» **EXERCISE DETAILS**
Only the pictures are to be left out; write out the rest of the data exactly.

*** COLLECTED MATERIAL Section Begins ***

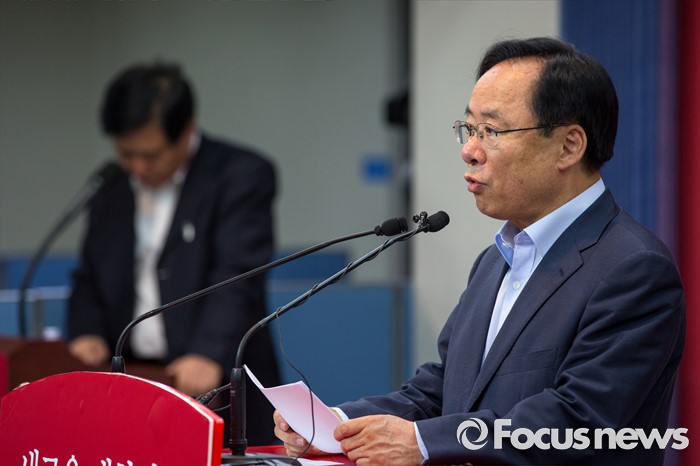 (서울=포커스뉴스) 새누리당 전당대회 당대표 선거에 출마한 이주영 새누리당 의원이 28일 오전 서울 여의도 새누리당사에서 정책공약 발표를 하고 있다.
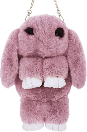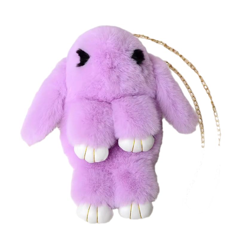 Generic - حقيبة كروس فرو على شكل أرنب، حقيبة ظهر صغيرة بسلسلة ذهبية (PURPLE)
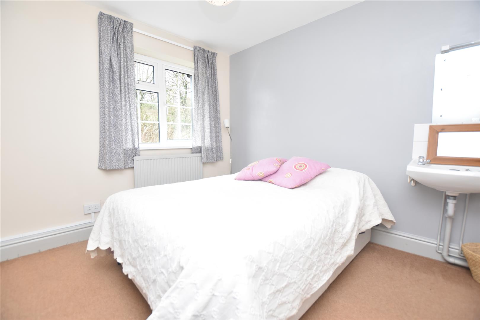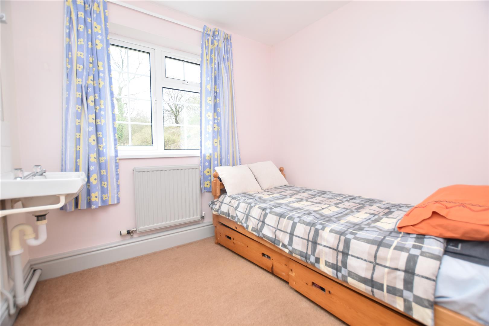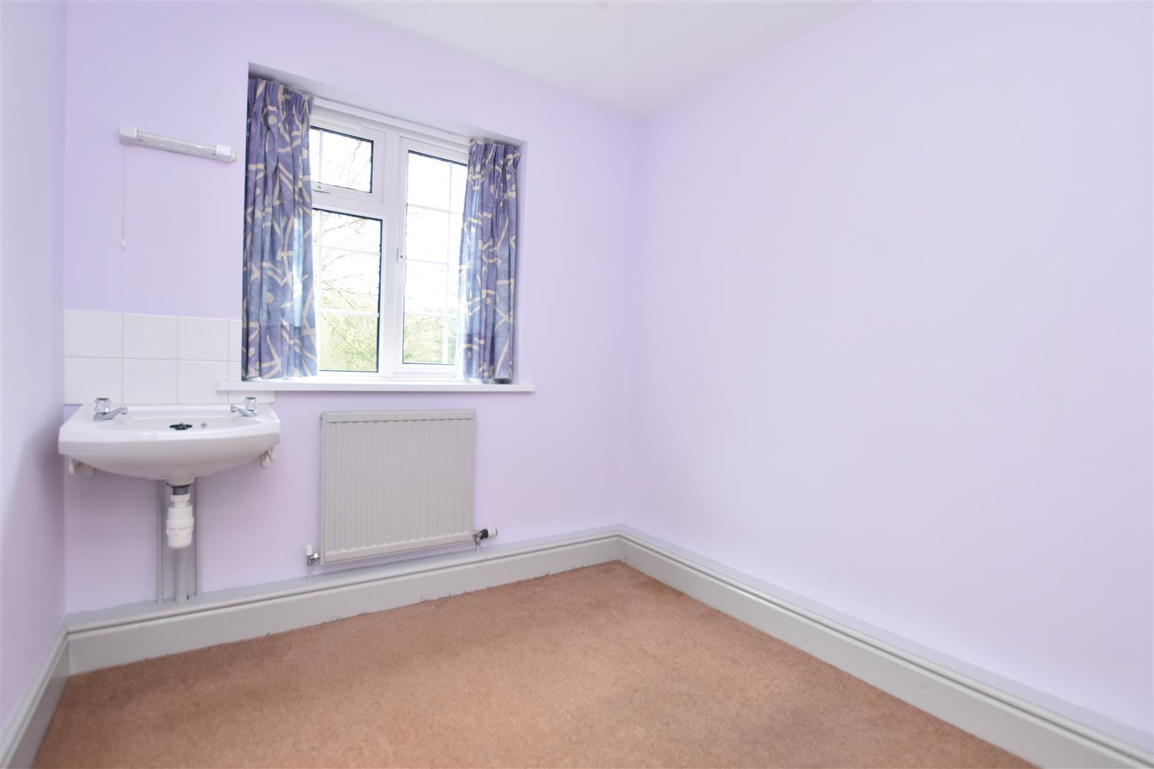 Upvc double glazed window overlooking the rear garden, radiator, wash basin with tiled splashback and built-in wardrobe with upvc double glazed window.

*** COLLECTED MATERIAL Section Ends ***

» **FINISHED EXERCISE**
 (서울=포커스뉴스) 새누리당 전당대회 당대표 선거에 출마한 이주영 새누리당 의원이 28일 오전 서울 여의도 새누리당사에서 정책공약 발표를 하고 있다.
 Generic - حقيبة كروس فرو على شكل أرنب، حقيبة ظهر صغيرة بسلسلة ذهبية (PURPLE)
 Upvc double glazed window overlooking the rear garden, radiator, wash basin with tiled splashback and built-in wardrobe with upvc double glazed window.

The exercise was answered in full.